Most capability assessments can be grouped into one of two categories: Potential (within) and Overall capability. Each represents a unique measure of process capability. Potential capability is often called the "entitlement" of your process: it ignores differences between subgroups and represents how the process could perform if the shift and drift between subgroups were eliminated. Overall capability, on the other hand, is what the customer experiences; it accounts for the differences between subgroups. Capability indices that assess potential capability include Cp, CPU, CPL, and Cpk. Capability indices that assess overall capability include Pp, PPU, PPL, Ppk, and Cpm.

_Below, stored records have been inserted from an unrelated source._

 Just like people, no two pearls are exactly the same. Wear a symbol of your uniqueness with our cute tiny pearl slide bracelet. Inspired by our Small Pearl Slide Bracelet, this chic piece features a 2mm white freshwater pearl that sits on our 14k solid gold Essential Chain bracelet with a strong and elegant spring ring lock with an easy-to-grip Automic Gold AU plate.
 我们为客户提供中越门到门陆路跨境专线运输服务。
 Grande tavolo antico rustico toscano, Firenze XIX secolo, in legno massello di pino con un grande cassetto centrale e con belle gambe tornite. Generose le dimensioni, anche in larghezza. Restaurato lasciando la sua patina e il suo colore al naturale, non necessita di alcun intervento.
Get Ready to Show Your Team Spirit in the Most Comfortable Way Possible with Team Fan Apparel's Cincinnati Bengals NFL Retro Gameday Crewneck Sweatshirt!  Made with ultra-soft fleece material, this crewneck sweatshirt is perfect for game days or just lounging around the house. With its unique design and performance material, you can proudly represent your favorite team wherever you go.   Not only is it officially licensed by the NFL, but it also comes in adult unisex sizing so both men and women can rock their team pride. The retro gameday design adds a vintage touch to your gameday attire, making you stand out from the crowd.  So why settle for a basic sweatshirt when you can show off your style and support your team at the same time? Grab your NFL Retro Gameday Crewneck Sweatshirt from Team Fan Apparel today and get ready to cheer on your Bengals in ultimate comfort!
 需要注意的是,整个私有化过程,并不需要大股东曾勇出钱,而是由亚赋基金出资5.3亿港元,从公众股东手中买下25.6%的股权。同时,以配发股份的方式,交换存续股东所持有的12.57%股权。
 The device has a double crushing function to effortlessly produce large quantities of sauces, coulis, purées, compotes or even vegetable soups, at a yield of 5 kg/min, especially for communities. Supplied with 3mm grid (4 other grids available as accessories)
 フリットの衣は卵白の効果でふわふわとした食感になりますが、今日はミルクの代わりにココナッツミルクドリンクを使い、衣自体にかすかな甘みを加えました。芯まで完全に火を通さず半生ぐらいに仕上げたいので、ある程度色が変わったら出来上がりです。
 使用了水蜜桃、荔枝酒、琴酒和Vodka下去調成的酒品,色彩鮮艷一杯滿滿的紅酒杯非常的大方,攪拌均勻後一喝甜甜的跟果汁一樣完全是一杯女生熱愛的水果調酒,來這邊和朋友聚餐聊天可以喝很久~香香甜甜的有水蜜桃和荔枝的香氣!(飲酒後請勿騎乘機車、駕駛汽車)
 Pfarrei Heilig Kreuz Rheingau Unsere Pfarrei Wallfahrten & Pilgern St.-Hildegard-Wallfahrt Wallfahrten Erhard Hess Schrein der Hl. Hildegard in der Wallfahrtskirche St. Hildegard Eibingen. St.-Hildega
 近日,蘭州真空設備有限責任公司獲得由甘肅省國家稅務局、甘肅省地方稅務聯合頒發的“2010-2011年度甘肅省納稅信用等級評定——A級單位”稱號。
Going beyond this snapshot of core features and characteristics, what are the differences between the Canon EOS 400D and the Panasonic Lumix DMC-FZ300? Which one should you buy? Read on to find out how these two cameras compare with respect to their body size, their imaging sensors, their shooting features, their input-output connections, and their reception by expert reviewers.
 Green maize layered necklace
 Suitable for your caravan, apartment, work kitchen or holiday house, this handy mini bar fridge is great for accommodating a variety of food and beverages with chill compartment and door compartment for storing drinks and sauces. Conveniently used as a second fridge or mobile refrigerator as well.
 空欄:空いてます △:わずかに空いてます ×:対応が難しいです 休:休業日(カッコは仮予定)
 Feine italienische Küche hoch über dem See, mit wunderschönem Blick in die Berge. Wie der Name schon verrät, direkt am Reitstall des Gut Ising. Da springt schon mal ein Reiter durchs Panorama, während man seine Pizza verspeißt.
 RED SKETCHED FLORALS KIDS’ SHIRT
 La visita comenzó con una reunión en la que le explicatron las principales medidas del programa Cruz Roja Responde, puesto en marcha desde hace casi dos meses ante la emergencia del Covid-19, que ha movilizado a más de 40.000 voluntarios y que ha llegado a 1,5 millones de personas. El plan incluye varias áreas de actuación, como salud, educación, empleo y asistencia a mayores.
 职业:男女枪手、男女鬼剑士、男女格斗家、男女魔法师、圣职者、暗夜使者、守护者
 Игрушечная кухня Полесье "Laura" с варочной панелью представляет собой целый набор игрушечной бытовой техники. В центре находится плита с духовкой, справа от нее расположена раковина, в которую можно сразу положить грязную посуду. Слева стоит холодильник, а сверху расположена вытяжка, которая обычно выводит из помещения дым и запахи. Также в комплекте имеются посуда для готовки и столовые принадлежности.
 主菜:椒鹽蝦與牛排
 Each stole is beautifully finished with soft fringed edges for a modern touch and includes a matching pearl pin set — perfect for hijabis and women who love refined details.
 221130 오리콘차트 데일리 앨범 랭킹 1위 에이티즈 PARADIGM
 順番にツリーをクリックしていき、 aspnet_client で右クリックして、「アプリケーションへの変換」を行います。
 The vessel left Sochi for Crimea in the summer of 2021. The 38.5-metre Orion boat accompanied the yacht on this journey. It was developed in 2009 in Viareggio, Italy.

For example, you inspect equipment at a candy factory, including a machine that fills containers with a certain weight of candy. Candy shipments leave the factory once each week. To assess the capability of this process, you weigh a sample of bags each day for a week; each sample represents a subgroup in your analysis. You observe that the variation within each subgroup is small, but because the subgroup means shift from day to day, the overall variation of weight of all bags is much greater. Consequently, the entire weekly shipment has larger variation in bag weight than the bags produced on any given day. In the chart below, the small distributions represent the distribution of bag weight for each of seven consecutive days. The topmost distribution represents the entire week's shipment, which is an aggregate of the subgroups.
|
Overall capability considers the topmost curve: what the customer feels. It is also called actual capability or long-term capability. |
Potential capability considers the variation within subgroups: how well could your process perform if you eliminated variation between subgroups. It is also called short-term capability. |
Potential capability is only calculated for normal data.